- **TASK INPUT**:
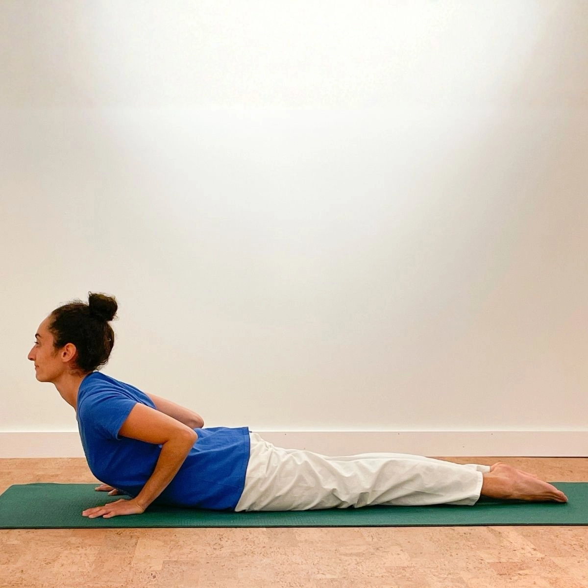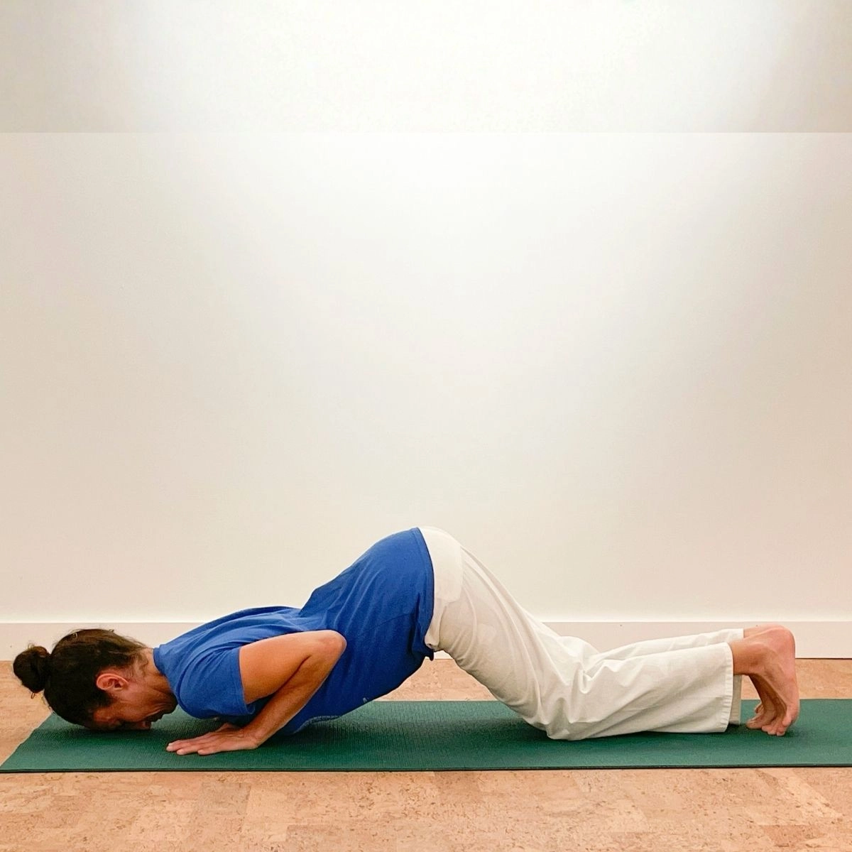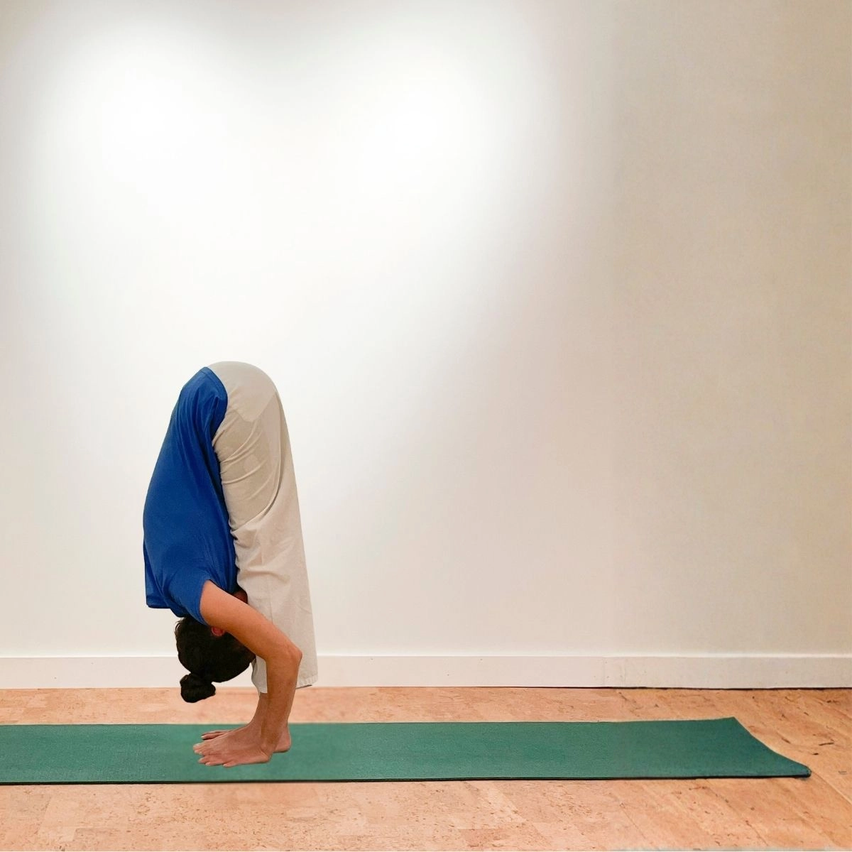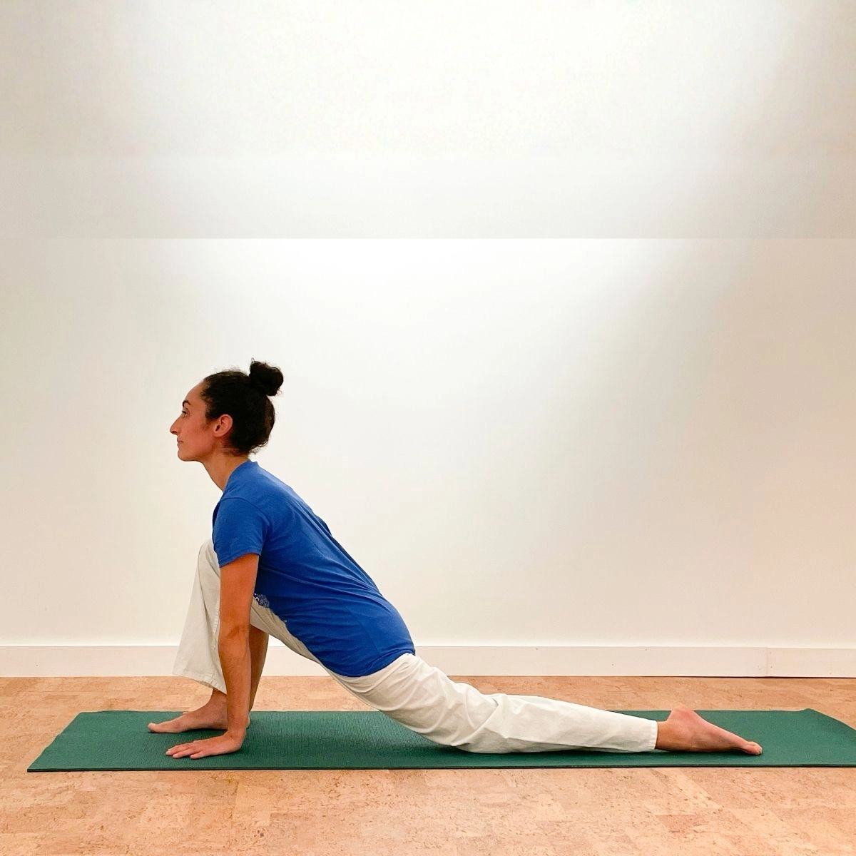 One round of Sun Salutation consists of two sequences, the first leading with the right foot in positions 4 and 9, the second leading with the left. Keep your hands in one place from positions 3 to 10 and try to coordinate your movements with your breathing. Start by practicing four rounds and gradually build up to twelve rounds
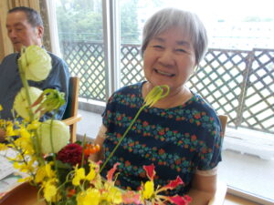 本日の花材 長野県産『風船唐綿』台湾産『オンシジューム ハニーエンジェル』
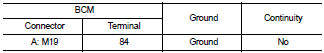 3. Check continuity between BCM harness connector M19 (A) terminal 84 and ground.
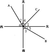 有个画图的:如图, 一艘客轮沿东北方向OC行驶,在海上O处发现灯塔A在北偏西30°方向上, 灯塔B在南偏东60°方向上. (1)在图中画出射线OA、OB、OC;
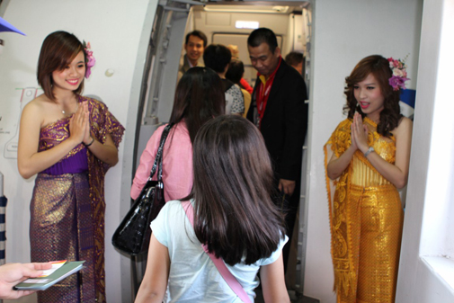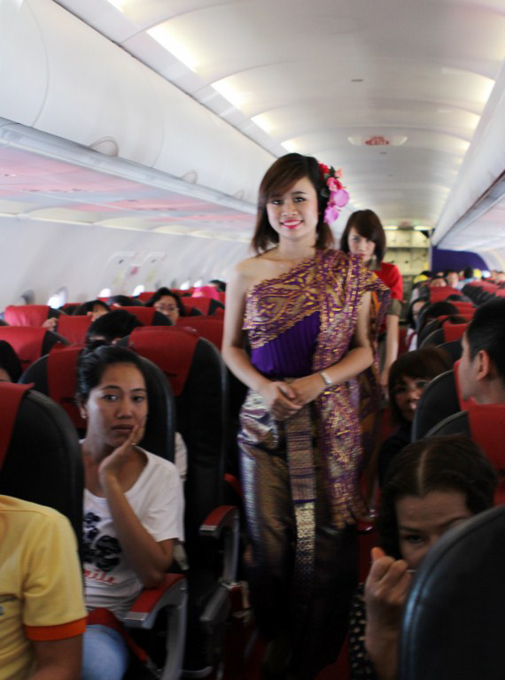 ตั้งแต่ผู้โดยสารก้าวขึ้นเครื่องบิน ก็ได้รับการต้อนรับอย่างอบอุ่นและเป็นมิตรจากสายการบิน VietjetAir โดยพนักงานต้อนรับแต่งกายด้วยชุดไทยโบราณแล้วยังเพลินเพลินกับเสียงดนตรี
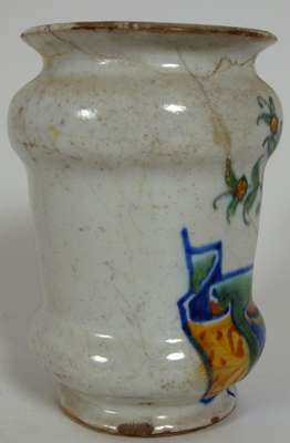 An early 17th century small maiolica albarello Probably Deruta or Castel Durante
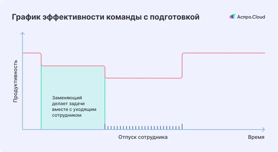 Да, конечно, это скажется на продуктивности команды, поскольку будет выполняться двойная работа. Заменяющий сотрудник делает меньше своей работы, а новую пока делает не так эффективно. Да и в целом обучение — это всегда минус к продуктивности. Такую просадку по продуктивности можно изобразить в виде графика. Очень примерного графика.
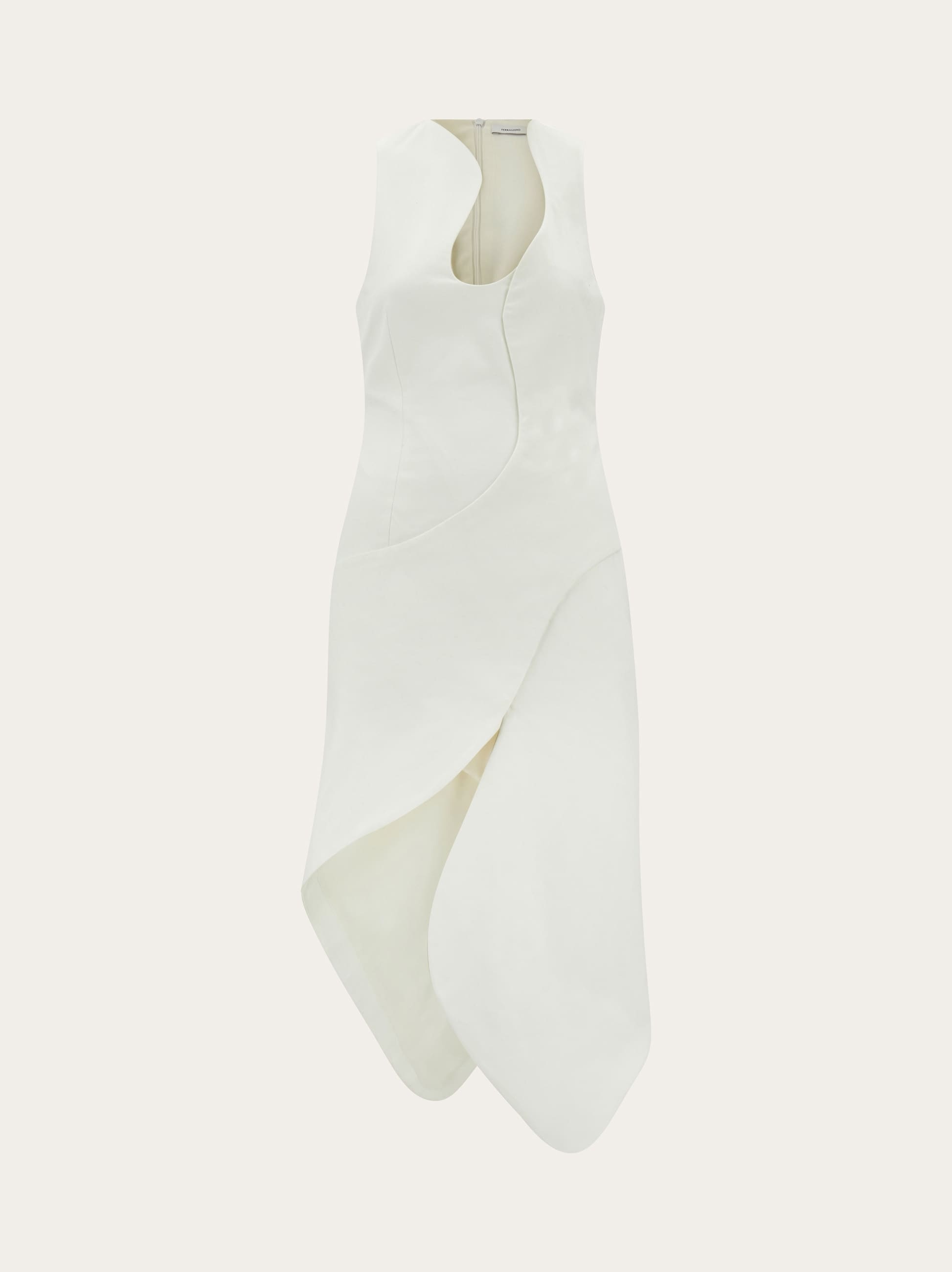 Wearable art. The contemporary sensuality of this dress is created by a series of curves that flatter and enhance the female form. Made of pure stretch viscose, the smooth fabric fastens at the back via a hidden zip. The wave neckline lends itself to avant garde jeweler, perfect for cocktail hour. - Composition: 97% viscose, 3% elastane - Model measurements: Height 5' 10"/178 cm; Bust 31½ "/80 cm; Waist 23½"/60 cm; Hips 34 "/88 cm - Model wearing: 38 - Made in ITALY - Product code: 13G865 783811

- **WHAT THE EXERCISE ASKS**: Copy out all the data exactly, skipping the pictures.

- **RESULT OF THE TASK**:
 One round of Sun Salutation consists of two sequences, the first leading with the right foot in positions 4 and 9, the second leading with the left. Keep your hands in one place from positions 3 to 10 and try to coordinate your movements with your breathing. Start by practicing four rounds and gradually build up to twelve rounds
 本日の花材 長野県産『風船唐綿』台湾産『オンシジューム ハニーエンジェル』
 3. Check continuity between BCM harness connector M19 (A) terminal 84 and ground.
 有个画图的:如图, 一艘客轮沿东北方向OC行驶,在海上O处发现灯塔A在北偏西30°方向上, 灯塔B在南偏东60°方向上. (1)在图中画出射线OA、OB、OC;
 ตั้งแต่ผู้โดยสารก้าวขึ้นเครื่องบิน ก็ได้รับการต้อนรับอย่างอบอุ่นและเป็นมิตรจากสายการบิน VietjetAir โดยพนักงานต้อนรับแต่งกายด้วยชุดไทยโบราณแล้วยังเพลินเพลินกับเสียงดนตรี
 An early 17th century small maiolica albarello Probably Deruta or Castel Durante
 Да, конечно, это скажется на продуктивности команды, поскольку будет выполняться двойная работа. Заменяющий сотрудник делает меньше своей работы, а новую пока делает не так эффективно. Да и в целом обучение — это всегда минус к продуктивности. Такую просадку по продуктивности можно изобразить в виде графика. Очень примерного графика.
 Wearable art. The contemporary sensuality of this dress is created by a series of curves that flatter and enhance the female form. Made of pure stretch viscose, the smooth fabric fastens at the back via a hidden zip. The wave neckline lends itself to avant garde jeweler, perfect for cocktail hour. - Composition: 97% viscose, 3% elastane - Model measurements: Height 5' 10"/178 cm; Bust 31½ "/80 cm; Waist 23½"/60 cm; Hips 34 "/88 cm - Model wearing: 38 - Made in ITALY - Product code: 13G865 783811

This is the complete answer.